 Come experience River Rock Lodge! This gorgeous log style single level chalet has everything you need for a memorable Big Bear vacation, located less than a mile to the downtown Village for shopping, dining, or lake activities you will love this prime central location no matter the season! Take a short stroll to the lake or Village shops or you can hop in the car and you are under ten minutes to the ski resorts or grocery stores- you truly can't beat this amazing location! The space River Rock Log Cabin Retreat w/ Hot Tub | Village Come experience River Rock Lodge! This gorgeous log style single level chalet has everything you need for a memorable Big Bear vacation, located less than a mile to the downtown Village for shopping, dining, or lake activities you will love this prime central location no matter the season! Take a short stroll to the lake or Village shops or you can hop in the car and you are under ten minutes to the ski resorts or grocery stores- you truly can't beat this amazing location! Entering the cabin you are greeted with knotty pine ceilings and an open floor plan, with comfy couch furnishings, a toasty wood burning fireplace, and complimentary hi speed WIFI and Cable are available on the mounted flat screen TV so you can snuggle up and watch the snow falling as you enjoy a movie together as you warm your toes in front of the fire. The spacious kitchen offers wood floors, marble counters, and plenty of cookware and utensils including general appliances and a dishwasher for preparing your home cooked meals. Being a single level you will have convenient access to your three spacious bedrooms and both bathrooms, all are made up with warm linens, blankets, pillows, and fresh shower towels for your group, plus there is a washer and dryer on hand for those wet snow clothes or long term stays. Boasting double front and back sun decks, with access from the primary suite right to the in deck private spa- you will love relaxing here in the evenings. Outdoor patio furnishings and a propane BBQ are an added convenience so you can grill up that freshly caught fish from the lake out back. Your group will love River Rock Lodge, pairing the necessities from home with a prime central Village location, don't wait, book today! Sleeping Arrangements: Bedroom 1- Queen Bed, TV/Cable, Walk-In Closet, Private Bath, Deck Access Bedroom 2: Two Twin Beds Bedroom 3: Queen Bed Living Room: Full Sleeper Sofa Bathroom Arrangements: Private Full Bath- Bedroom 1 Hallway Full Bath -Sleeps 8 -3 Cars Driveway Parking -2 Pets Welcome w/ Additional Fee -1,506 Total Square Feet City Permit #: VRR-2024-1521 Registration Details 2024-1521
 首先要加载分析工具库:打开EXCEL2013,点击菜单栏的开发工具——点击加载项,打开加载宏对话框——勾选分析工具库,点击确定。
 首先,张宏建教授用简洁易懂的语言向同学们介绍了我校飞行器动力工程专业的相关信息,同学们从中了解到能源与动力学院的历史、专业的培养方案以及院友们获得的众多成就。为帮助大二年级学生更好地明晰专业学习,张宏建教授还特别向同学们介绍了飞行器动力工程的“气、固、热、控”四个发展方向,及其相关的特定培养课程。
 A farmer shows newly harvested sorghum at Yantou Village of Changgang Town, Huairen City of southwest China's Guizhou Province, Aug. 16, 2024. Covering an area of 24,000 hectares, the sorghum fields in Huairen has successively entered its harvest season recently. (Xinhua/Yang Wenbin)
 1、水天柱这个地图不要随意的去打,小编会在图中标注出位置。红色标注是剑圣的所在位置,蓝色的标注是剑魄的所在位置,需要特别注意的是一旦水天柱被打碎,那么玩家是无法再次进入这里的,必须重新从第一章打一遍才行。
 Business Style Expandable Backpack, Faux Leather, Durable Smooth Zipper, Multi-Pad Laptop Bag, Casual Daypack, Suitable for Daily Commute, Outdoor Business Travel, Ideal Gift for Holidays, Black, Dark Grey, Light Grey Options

================

▶ [Work to complete]: Reproduce precisely the span of lines that begins at the line containing "A farmer shows" and ends with the last line of the listing.

▶ [Written solution]:
 A farmer shows newly harvested sorghum at Yantou Village of Changgang Town, Huairen City of southwest China's Guizhou Province, Aug. 16, 2024. Covering an area of 24,000 hectares, the sorghum fields in Huairen has successively entered its harvest season recently. (Xinhua/Yang Wenbin)
 1、水天柱这个地图不要随意的去打,小编会在图中标注出位置。红色标注是剑圣的所在位置,蓝色的标注是剑魄的所在位置,需要特别注意的是一旦水天柱被打碎,那么玩家是无法再次进入这里的,必须重新从第一章打一遍才行。
 Business Style Expandable Backpack, Faux Leather, Durable Smooth Zipper, Multi-Pad Laptop Bag, Casual Daypack, Suitable for Daily Commute, Outdoor Business Travel, Ideal Gift for Holidays, Black, Dark Grey, Light Grey Options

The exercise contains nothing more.